Now, there will be no more running. I’ll be able to walk anywhere, anytime, Clint Eastwood Gran Torino style. I’m trading in my MLM for a BBA, “Biggest Bad Ass”. It’s about time.

Don't Mess With Me

How Autobiographical?

Awhile back, I started out a fitness update with a passing reference to an encouraging sibling of mine who once told me “no one cares” about my swimming, cycling, and running.

That begs a larger question. What type of writing do readers, blog readers more specifically, find most interesting?

I’m not entirely sure, but I have some hypotheses. Think of the blogosphere in terms of a continuum with writers either off the stage altogether, on the stage’s edge, or center stage. Put differently, there are blogs focused almost exclusively on impersonal specialized content of some sort; other blogs that focus on the sometimes personal application of relatively impersonal specialized content, and blogs whose content is in essence the personal details of the author’s life.

I don’t read a lot of blogs, but here are a few that I do that represent fairly well the different points on the continuum. Each is wildly successfully at least measured by readership. Also interesting, Cowen and Trunk self identify as having Aspergers.

Example one, Marginal Revolution by Tyler Cowen, an economist. Written primarily for other economists, the content is sometimes a reach for me, which is nice. Cowen is scarily prolific posting several times a day. The main thing to note about his blog is he’s mostly off-stage. Sure he’ll ask for restaurant suggestions for where ever he’s traveling next, and he’ll summarize what he’s reading every few weeks (also scary, seemingly a book a day), but don’t look for him to write about whether he’s getting along with his wife or daughter or his non-academic interests.

Example two, DC Rainmaker by Ray Maker, a triathlete. I highlighted Ray’s blog recently. Written primarily for other triathletes, the content tends towards the science of triathlon training. His reviews of triathlon related electronics are the clearest, most detailed, and intelligently written up on the internet. He’s also an outstanding photog who sprinkles twenty or so pics in his three or four posts a week. Ray is my “stage’s edge” example. Two-thirds of the time he focuses in on all things triathlon. The other third, you learn about his worldwide travels (I’m guessing he does IT for the State Department), his fascination with sharks, his love of cooking and food, and “The Girl” who he was recently engaged to.
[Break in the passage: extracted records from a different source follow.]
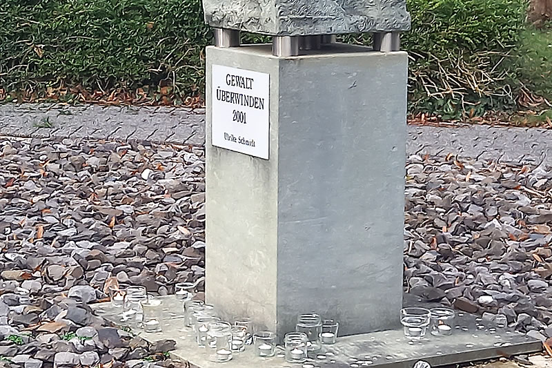 Wieder zündeten mehr als 20 Menschen mittags Hoffnungslichter an und stellten sie rund um das Mahnmal zur Überwindung von Gewalt, das die Bildhauerin Ulrike Schmidt erstellt hat.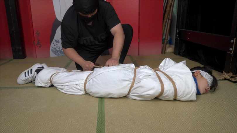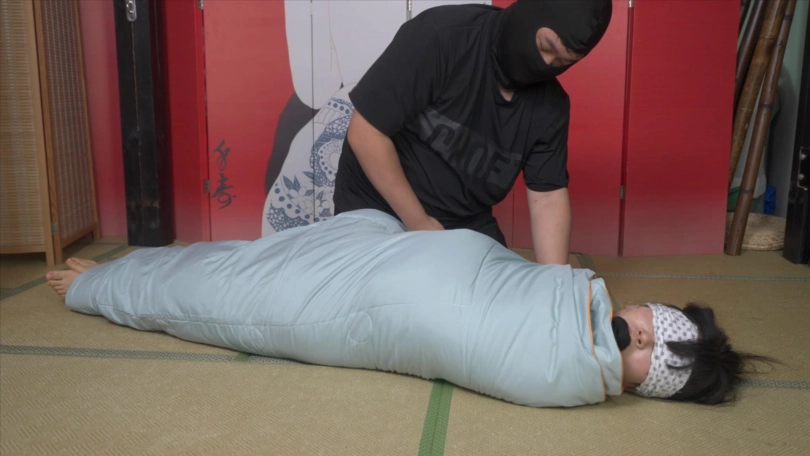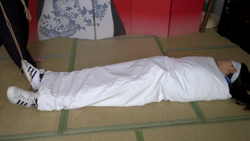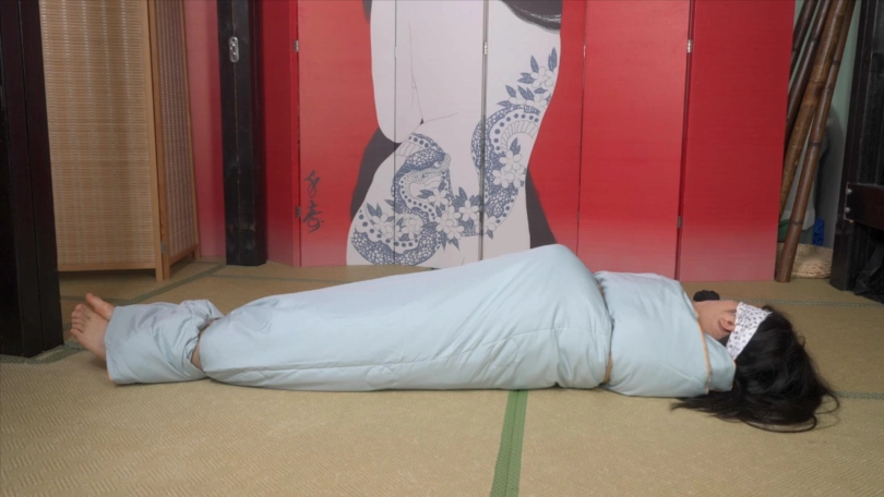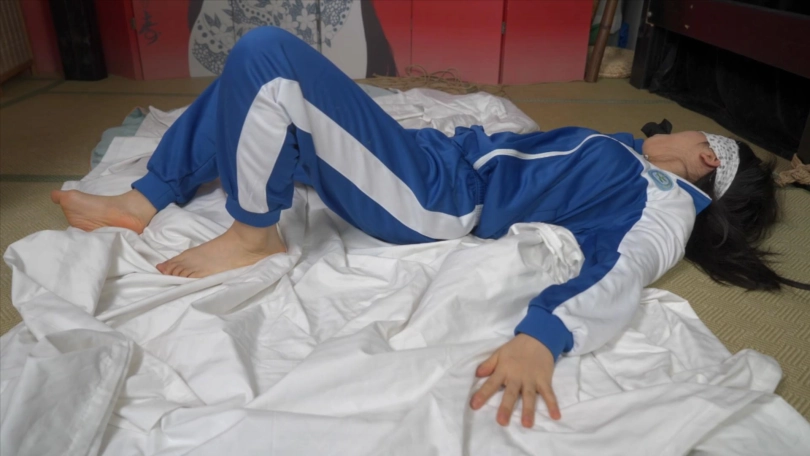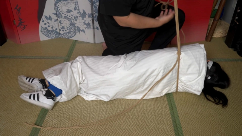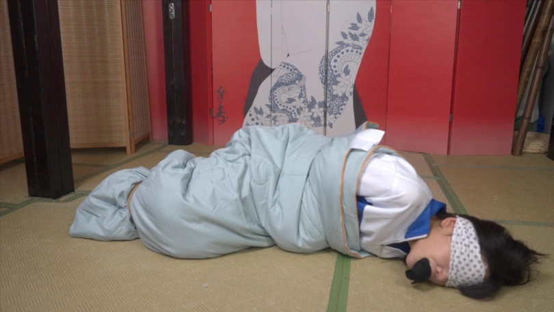高中生小0穿着校服被棉被包裹起来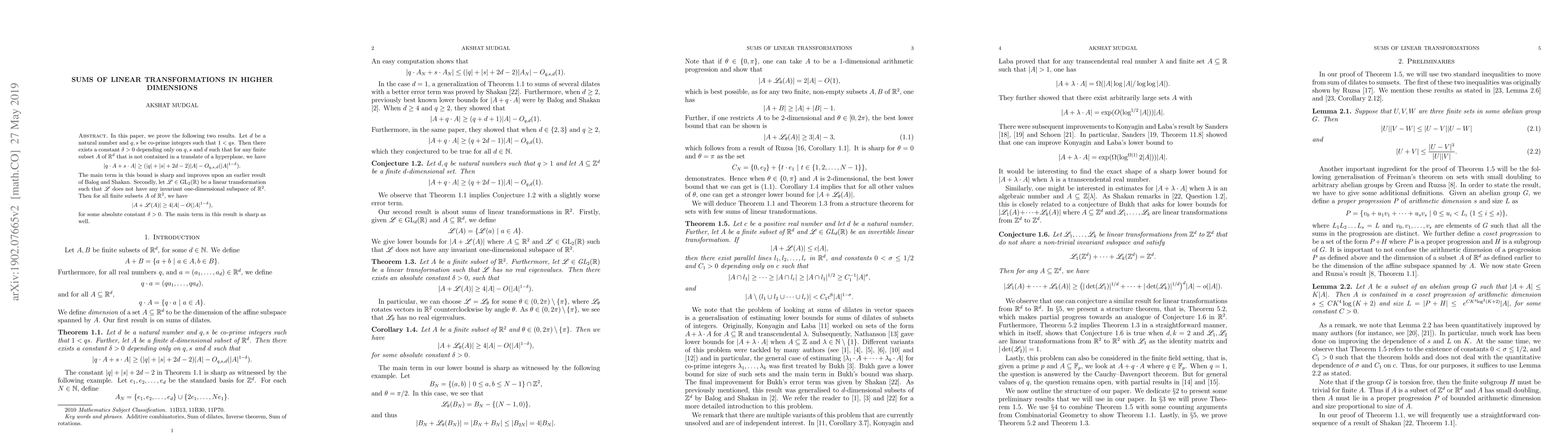 This paper presents two main results on sums of linear transformations in higher dimensions. First, it establishes a bound for sums of the form $qA + sA$ in $mathbb{R}^d$, improving upon previous work. Second, it provides a lower bound for $A + mathscr{L}(A)$ in $mathbb{R}^2$, where $mathscr{L}$ is a specific linear transformation. Both main terms are shown to be sharp.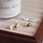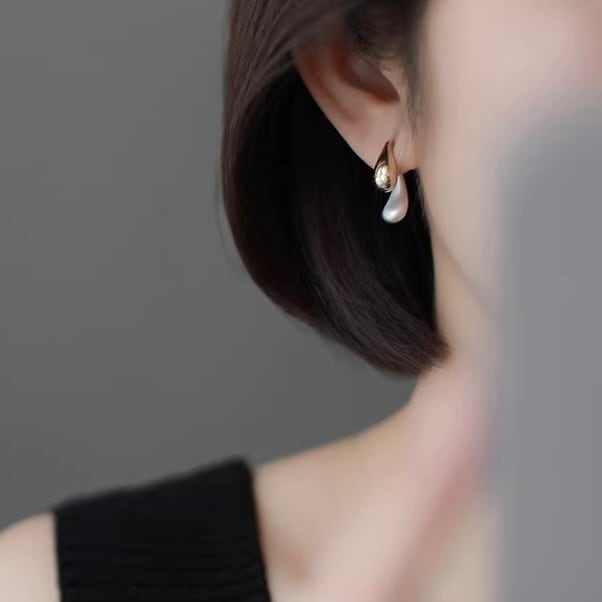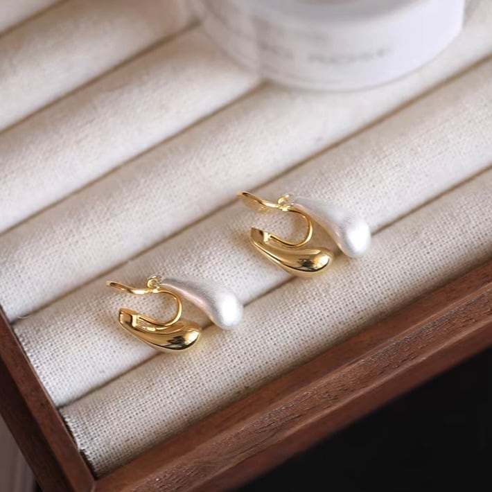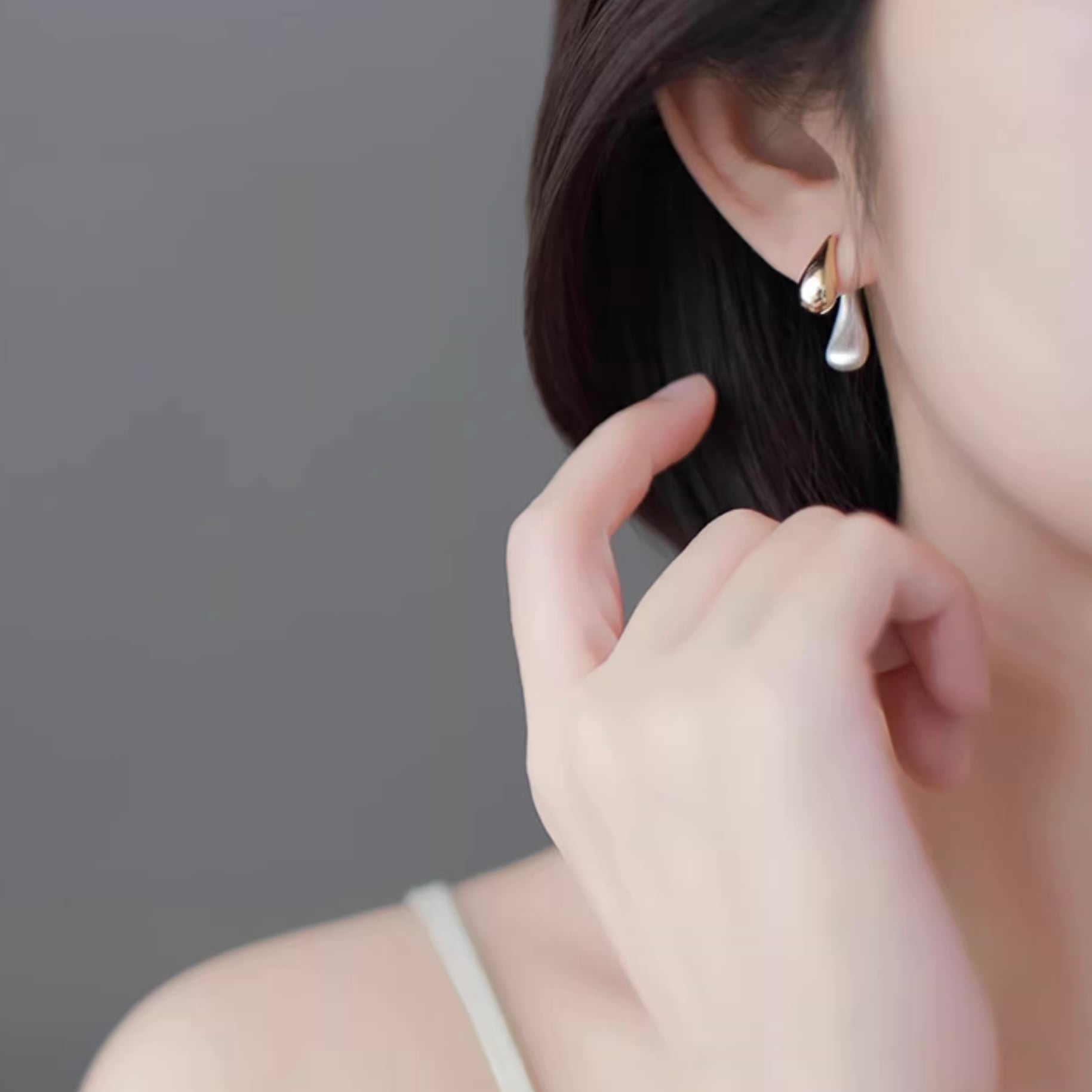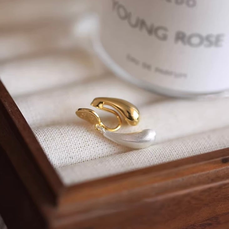 ゴールドとシルバー、異なる輝きを重ねたしずくモチーフが耳元に洗練された表情を添えるイヤーアクセサリー。

Example three, Penelope Trunk’s Brazen Careerist. Penelope is the undisputed “center stage” champion. She’s successful I suspect for the same reasons the authors my writing students and I are reading—Esme Cadell, Sherman Alexie, and Frank McCourt—are: 1) She understands that not every moment in every day and not every day in every week is equally interesting. She’s skilled at teasing out from the details of her life “critical incidents” that encapsulate the most interesting elements of her life that also resonate with other people. 2) When describing and exploring the meaning of the critical incidents of her life she grabs readers by the collar by providing intimate details even when they are not flattering. Scratch that, especially when they’re not flattering. And there-in lies the third reason. 3) She doesn’t self-censure herself, instead she opts for authenticity, transparency, the unvarnished truth, pick your phrase(s). In the same literary vein, Tina Fey’s or Liz Lemon’s self-deprecation on “30 Rock” is pure genius.

So in essence, my sib didn’t go far enough. If I self-censure myself and churn out safe, vague, self-conscious descriptions of the personal aspects of my life no one will care for any parts of my personal life story let alone the swimming, cycling, and running chapters of it.

And in all honesty, three years in and I still haven’t figured out yet how to follow Trunk’s, Cadell’s, Alexie’s, and McCourt’s examples in this format. For example, I’ve consciously chosen not to write about the most personally significant thing that has happened to me this year. I’m not quitting though and I suppose this post is another step in the process of figuring where I want to sit on the continuum and exactly what type of blogger I want to be.